## [Records for the task]
※ ※ ※
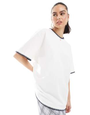 Camiseta blanca extragrande con ribetes ondulados de tejido flameado de ASOS DESIGN
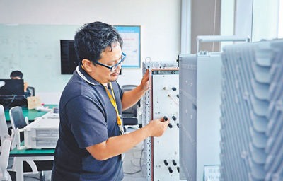 在泰國最大移動(dòng)運(yùn)營商AIS和中興(泰國)通信公司聯(lián)合創(chuàng)建的AIS—ZTE聯(lián)合創(chuàng)新中心內(nèi),泰國工作人員在對通信設(shè)備進(jìn)行檢修調(diào)試。
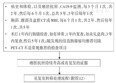 (6)结直肠癌患者在诊断和治疗前,评价疗效和随访时必须检测外周血癌胚抗原、CA19-9;有肝转移患者建议检测甲胎蛋白;疑有腹膜、卵巢转移患者建议检测CA125。
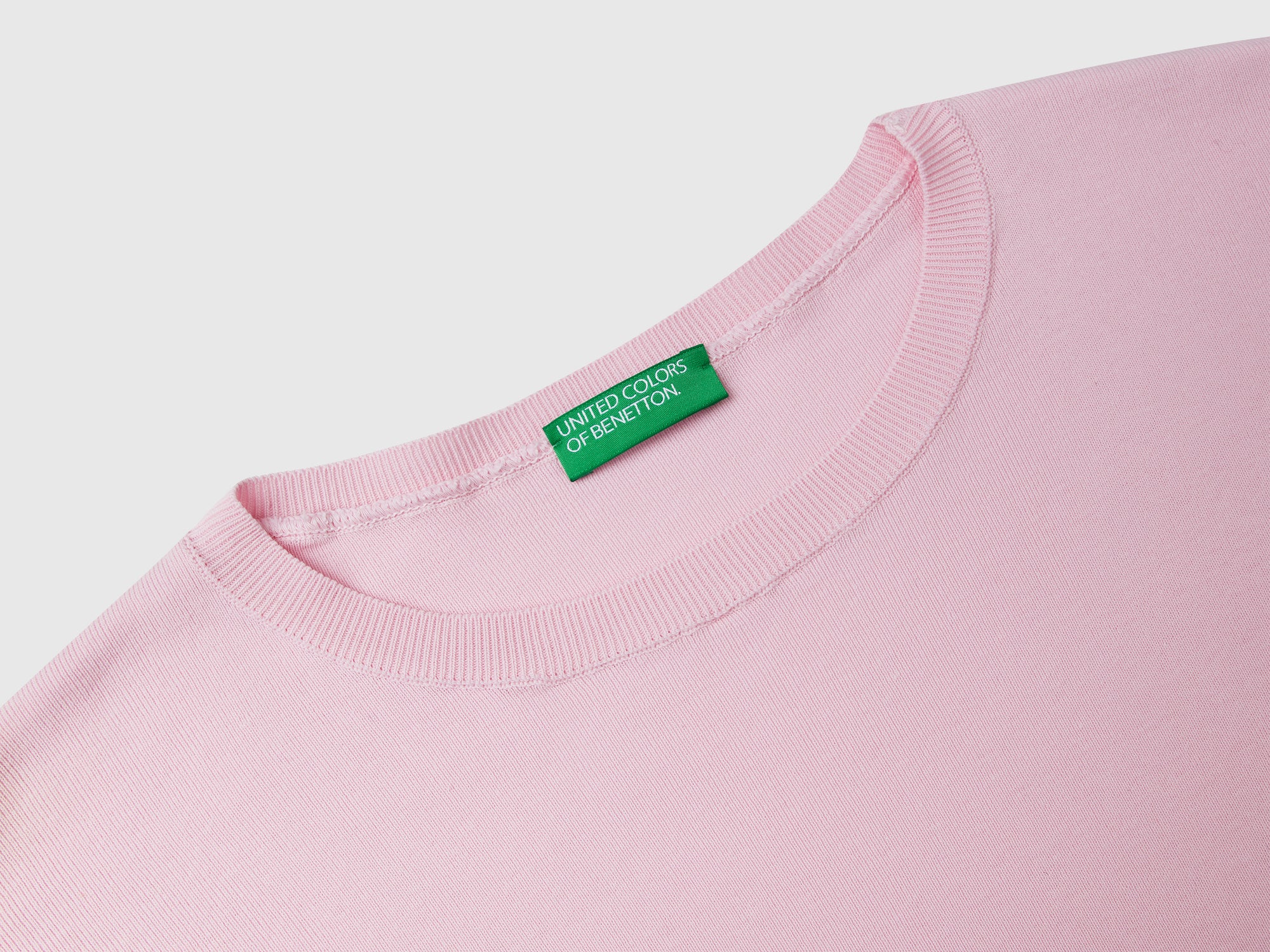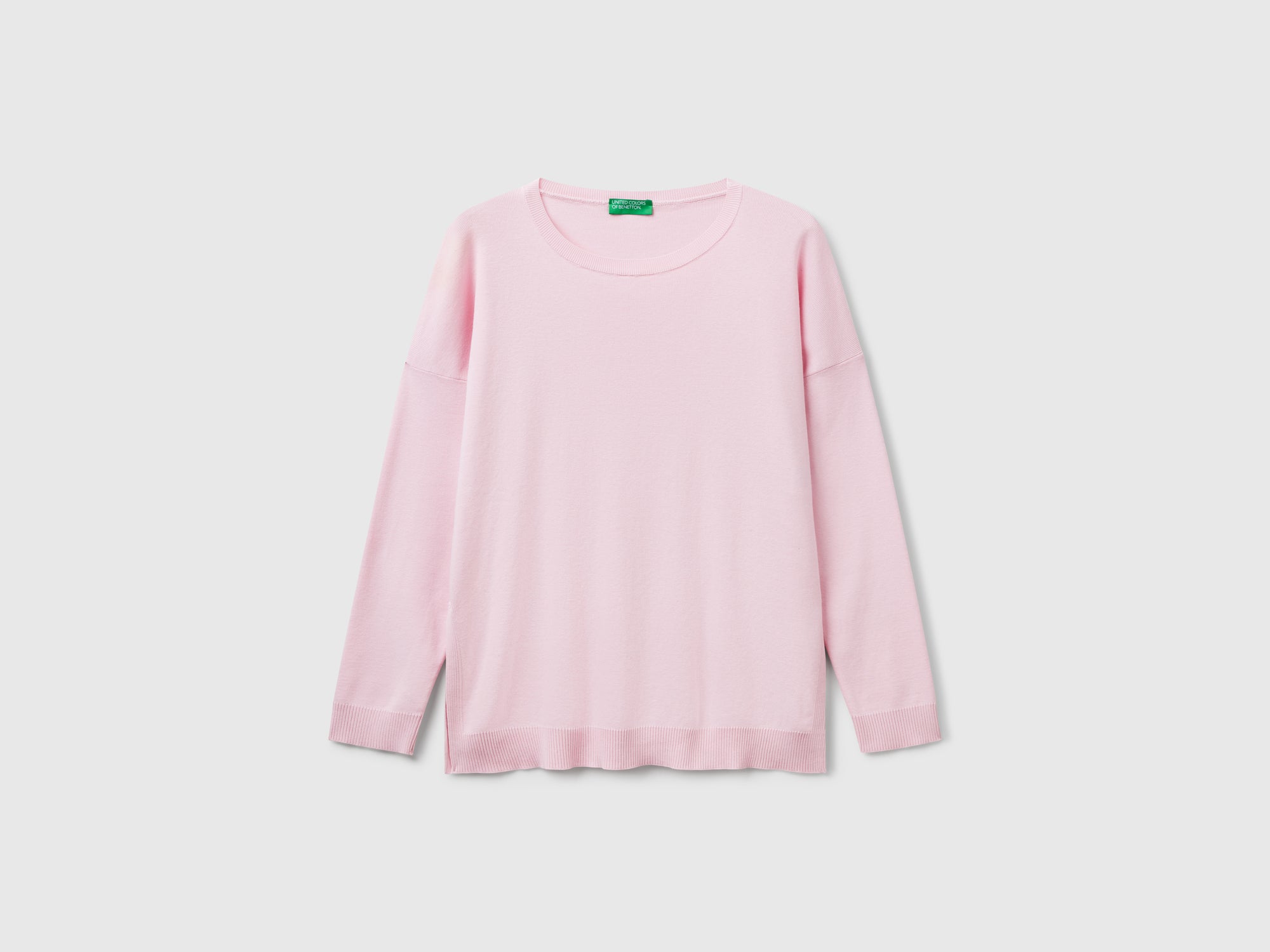 - Main features: Long-sleeved, loose-fitting sweater in pure cotton. Round neck, dropped shoulders, and side slits. Slightly longer at the back. Casual and comfortable. 100% cotton; Plain knit; Ribbed edges
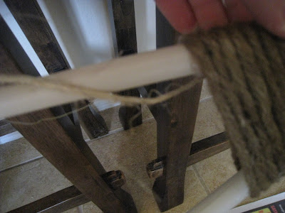 Now for the finishing touches…I used the 1 ply jute to wrap the rods. Start at one corner and hot glue the end of the jute to the back side of the corner.
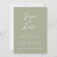 Nossa na moda para salvar a data do casamento é perfeita para sua celebração de casamento minimalista e elegante. Um belo emparelhamento de fontes brancas de caligrafia com texto simples e limpo em um fundo verde sábio faz um olhar elevado para complementar seu evento de na moda. Fácil e rápido personalizar-se com seus próprios nomes e detalhes do evento de casamento.
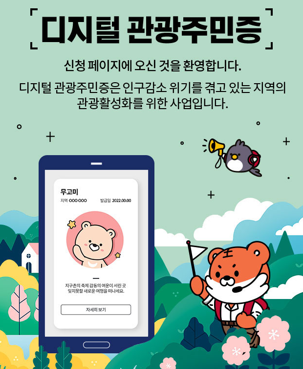 문화체육관광부와 한국관광공사가 함께 합작해서 인구감소 위기를 겪고 있는 지역의 관광 활성화를 목적으로 만들어진 사업입니다. 디지털 관광주민증을 발급받고 할인 혜택 적용 지역에 방문하면 여행 시 체험이나 식음료, 입장권 등 다양한 항목에서 할인 혜택을 챙기실 수 있습니다.
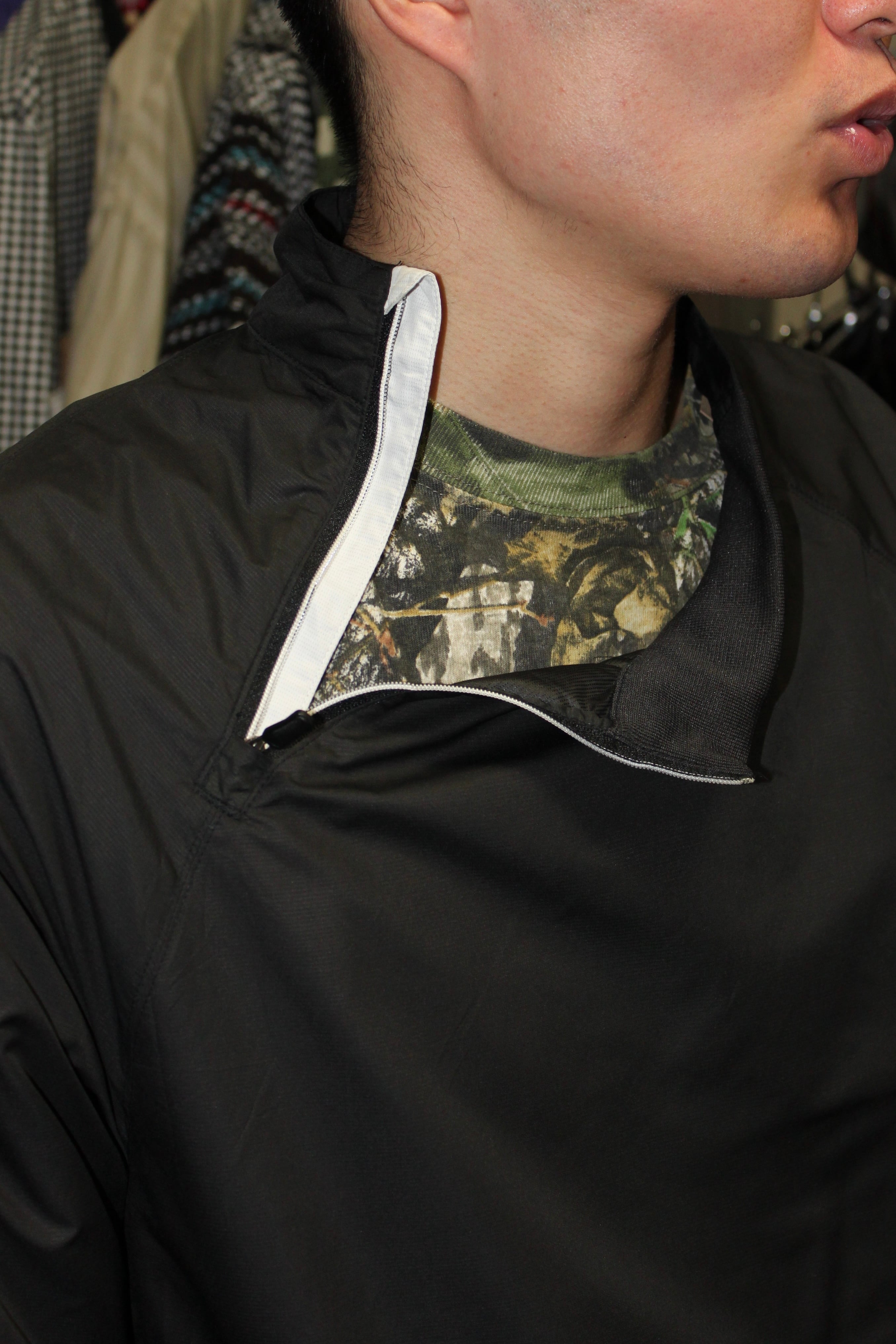 ナイキのユーロものなどに見られるアシンメトリージップが特徴的なジャケットです。
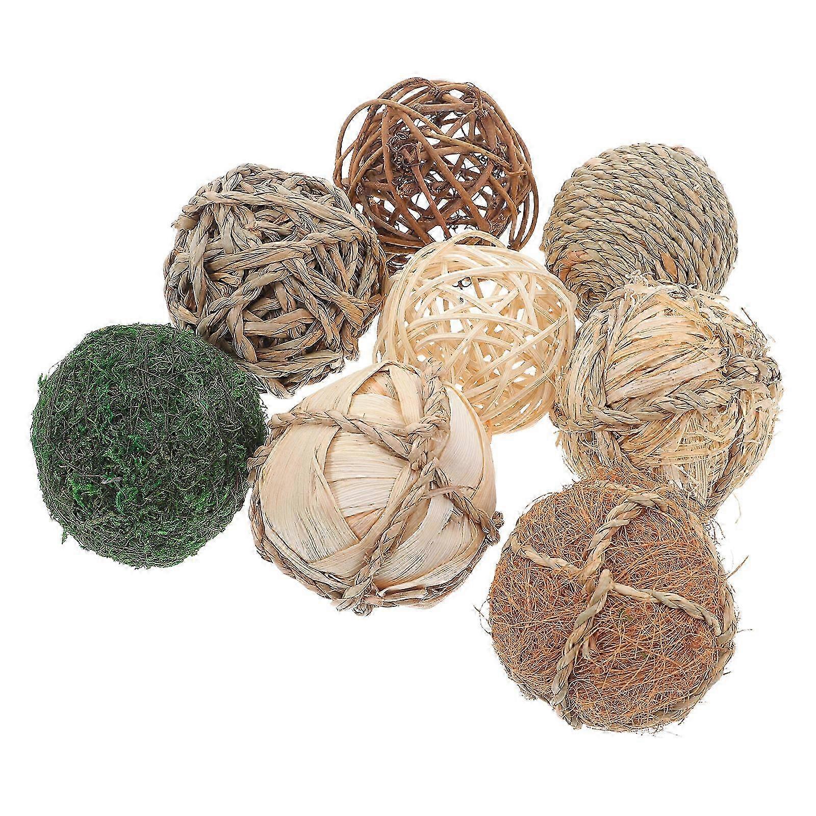 Natural Woven Rattan Balls 8pcs Set for Vase Centerpieces, Home Decor, Living Room, Bedroom, Office Use Unique Rustic Ornament Edition 1030
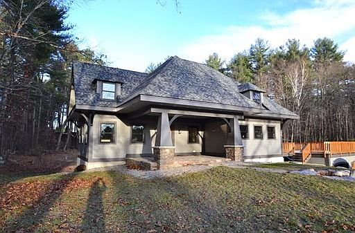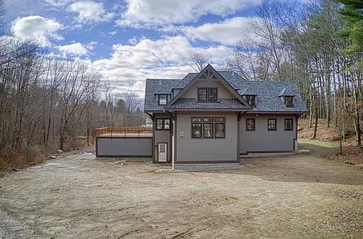 Stunning and unique Arts and Crafts design on a lovely treed 2.5 acre lot. Fabulous location on a beautiful winding country road & abutting the Wedgewood Pines Country Club and golf course. Here is the open floor plan everyone wants with sun filled rooms, high ceilings, and unobstructed views. Built with the best materials and energy efficient products this house meets the stretch code for 2018 and has a Hers index of 53 (great savings on your energy) extremely well insulated with R49 in the roof and R21 in the walls. Master bath has a gorgeous "Victoria Albert Soaking tub" and a large walk-in shower stall behind the double sinks. The floors in the house are Hickory, there is a study /office/ guest room on the first floor, four bedrooms on the 2nd floor and a full basement accessed through the garage and walk out. Great schools, bus picks up across the street, and charming village center, great ingredients for a peaceful life style.
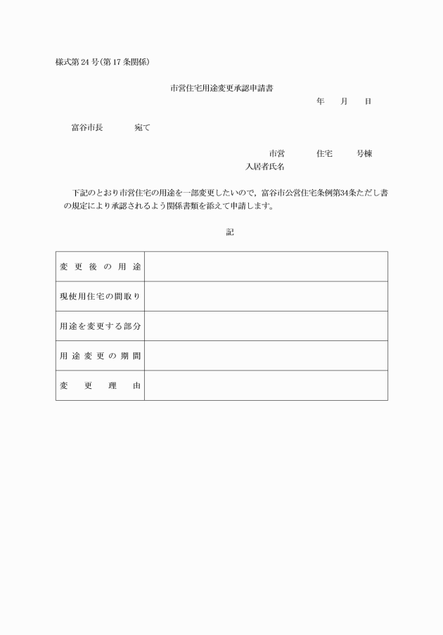 第17条 条例第34条ただし書の規定による承認を受けようとする入居者は,市営住宅用途変更承認申請書(様式第24号)を市長に提出しなければならない。
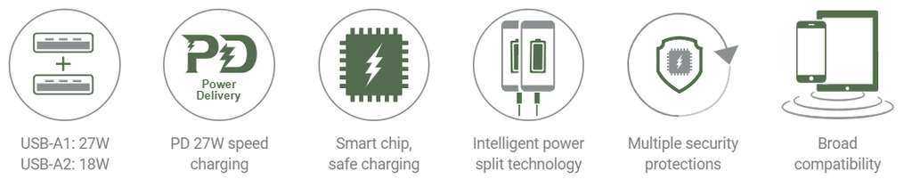 - Output: USB-A1: 27W (tương thích với QC3.0 / AFC / FCP / SCP).
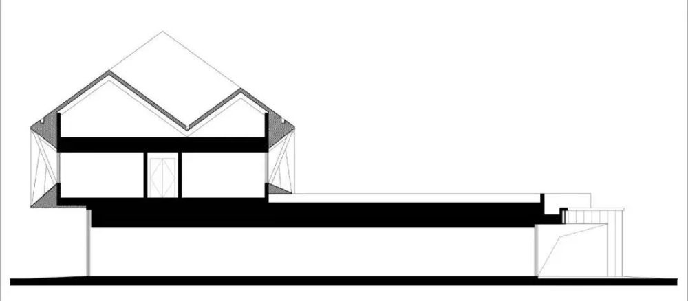 游客中心建筑采用深灰色金属坡顶,满足风貌区规划的要求。坡顶做了变形处理,和传统双坡屋面又有所不同。新建筑体量比风貌区的老房子要大一些,单一的坡顶变形为两个三角组合,改小了建筑的尺度感。
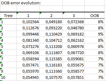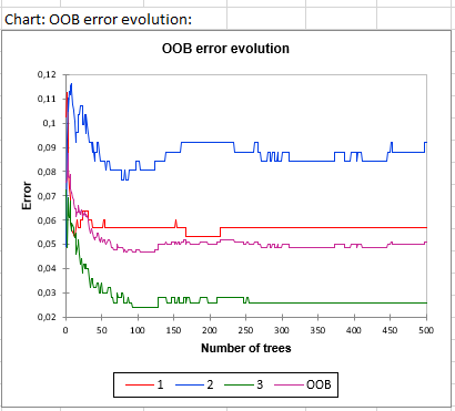 The number of times observations are ‘out-of-bag’ (and thus used in computing OOB error estimate) is also displayed: The last table presents the evolution of the OOB error rates according to the number of trees. The i-th element being the OOB error for all trees up to the i-th. A graphical representation of the above table is given below:
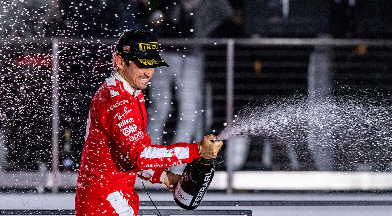 比賽倒數第二圈中Charles Leclerc嘗試晚煞車而一度丟失第二名位置,但在最後一圈的最後一彎前的大直線上,這位摩納哥天才車手以354km/h的速度及承受超過7G的重力,硬生生地將對手超越,冷靜地將亞軍寶座要了回來,而直到衝線之前兩名車手的差距仍然在1秒以內,在絢爛娛樂之城的夜間賽事目睹如此激昂高速的近身肉搏與超越,絕對是2023年拉斯維加斯大賽最為精彩的一幕。
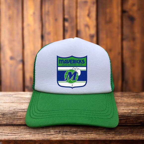 Dallas Mavericks Mens Trucker Hat Green Snapback Retro Logo Basketball Cap
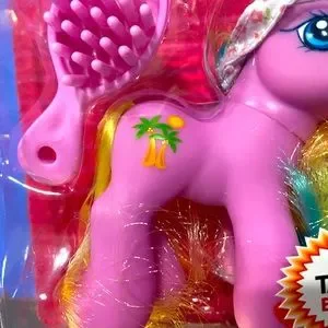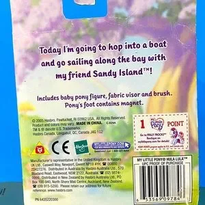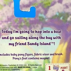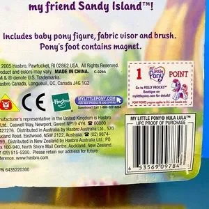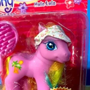 My Little Pony G3 NWT Vintage 2005 Target Exclusive Baby Pony Hula Lula Figure Includes Pink Brush & White w/Pink tiny Flowers Visor, Pony Has Pink/Purple Body, 2 Palm Trees & Sun Symbol, Blue Eyes, Blue/ Orange/ Yellow Hair NEW CONDITION Packaging May have tiny blemishes, Package Size 6.5”x5”x2” Pony Figure Approx 3.5”
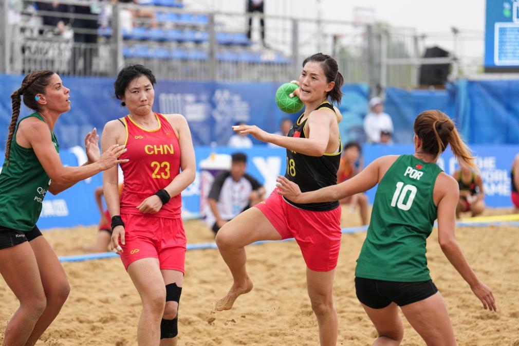 8月8日,中国队球员沈萍(右二)在比赛中进攻。当日,在2025年成都世运会沙滩手球女子预赛中,中国队不敌葡萄牙队。新华社记者 刘坤 摄
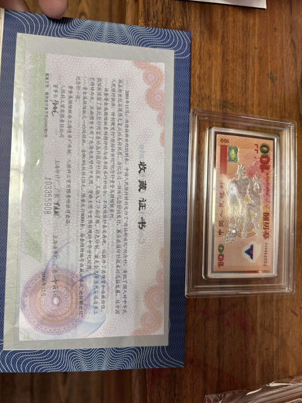 出售上海造币厂出品龙钞建国钞图案银条、128克每个x2、价格3350元每个
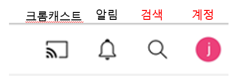 상단 메뉴부터 살펴보면 크롬캐스트, 알림, 검색, 계정의 순서인데요.
※ ※ ※
All of the material above is to be retyped verbatim, with its pictures omitted.

 Camiseta blanca extragrande con ribetes ondulados de tejido flameado de ASOS DESIGN
 在泰國最大移動(dòng)運(yùn)營商AIS和中興(泰國)通信公司聯(lián)合創(chuàng)建的AIS—ZTE聯(lián)合創(chuàng)新中心內(nèi),泰國工作人員在對通信設(shè)備進(jìn)行檢修調(diào)試。
 (6)结直肠癌患者在诊断和治疗前,评价疗效和随访时必须检测外周血癌胚抗原、CA19-9;有肝转移患者建议检测甲胎蛋白;疑有腹膜、卵巢转移患者建议检测CA125。
 - Main features: Long-sleeved, loose-fitting sweater in pure cotton. Round neck, dropped shoulders, and side slits. Slightly longer at the back. Casual and comfortable. 100% cotton; Plain knit; Ribbed edges
 Now for the finishing touches…I used the 1 ply jute to wrap the rods. Start at one corner and hot glue the end of the jute to the back side of the corner.
 Nossa na moda para salvar a data do casamento é perfeita para sua celebração de casamento minimalista e elegante. Um belo emparelhamento de fontes brancas de caligrafia com texto simples e limpo em um fundo verde sábio faz um olhar elevado para complementar seu evento de na moda. Fácil e rápido personalizar-se com seus próprios nomes e detalhes do evento de casamento.
 문화체육관광부와 한국관광공사가 함께 합작해서 인구감소 위기를 겪고 있는 지역의 관광 활성화를 목적으로 만들어진 사업입니다. 디지털 관광주민증을 발급받고 할인 혜택 적용 지역에 방문하면 여행 시 체험이나 식음료, 입장권 등 다양한 항목에서 할인 혜택을 챙기실 수 있습니다.
 ナイキのユーロものなどに見られるアシンメトリージップが特徴的なジャケットです。
 Natural Woven Rattan Balls 8pcs Set for Vase Centerpieces, Home Decor, Living Room, Bedroom, Office Use Unique Rustic Ornament Edition 1030
 Stunning and unique Arts and Crafts design on a lovely treed 2.5 acre lot. Fabulous location on a beautiful winding country road & abutting the Wedgewood Pines Country Club and golf course. Here is the open floor plan everyone wants with sun filled rooms, high ceilings, and unobstructed views. Built with the best materials and energy efficient products this house meets the stretch code for 2018 and has a Hers index of 53 (great savings on your energy) extremely well insulated with R49 in the roof and R21 in the walls. Master bath has a gorgeous "Victoria Albert Soaking tub" and a large walk-in shower stall behind the double sinks. The floors in the house are Hickory, there is a study /office/ guest room on the first floor, four bedrooms on the 2nd floor and a full basement accessed through the garage and walk out. Great schools, bus picks up across the street, and charming village center, great ingredients for a peaceful life style.
 第17条 条例第34条ただし書の規定による承認を受けようとする入居者は,市営住宅用途変更承認申請書(様式第24号)を市長に提出しなければならない。
 - Output: USB-A1: 27W (tương thích với QC3.0 / AFC / FCP / SCP).
 游客中心建筑采用深灰色金属坡顶,满足风貌区规划的要求。坡顶做了变形处理,和传统双坡屋面又有所不同。新建筑体量比风貌区的老房子要大一些,单一的坡顶变形为两个三角组合,改小了建筑的尺度感。
 The number of times observations are ‘out-of-bag’ (and thus used in computing OOB error estimate) is also displayed: The last table presents the evolution of the OOB error rates according to the number of trees. The i-th element being the OOB error for all trees up to the i-th. A graphical representation of the above table is given below:
 比賽倒數第二圈中Charles Leclerc嘗試晚煞車而一度丟失第二名位置,但在最後一圈的最後一彎前的大直線上,這位摩納哥天才車手以354km/h的速度及承受超過7G的重力,硬生生地將對手超越,冷靜地將亞軍寶座要了回來,而直到衝線之前兩名車手的差距仍然在1秒以內,在絢爛娛樂之城的夜間賽事目睹如此激昂高速的近身肉搏與超越,絕對是2023年拉斯維加斯大賽最為精彩的一幕。
 Dallas Mavericks Mens Trucker Hat Green Snapback Retro Logo Basketball Cap
 My Little Pony G3 NWT Vintage 2005 Target Exclusive Baby Pony Hula Lula Figure Includes Pink Brush & White w/Pink tiny Flowers Visor, Pony Has Pink/Purple Body, 2 Palm Trees & Sun Symbol, Blue Eyes, Blue/ Orange/ Yellow Hair NEW CONDITION Packaging May have tiny blemishes, Package Size 6.5”x5”x2” Pony Figure Approx 3.5”
 8月8日,中国队球员沈萍(右二)在比赛中进攻。当日,在2025年成都世运会沙滩手球女子预赛中,中国队不敌葡萄牙队。新华社记者 刘坤 摄
 出售上海造币厂出品龙钞建国钞图案银条、128克每个x2、价格3350元每个
 상단 메뉴부터 살펴보면 크롬캐스트, 알림, 검색, 계정의 순서인데요.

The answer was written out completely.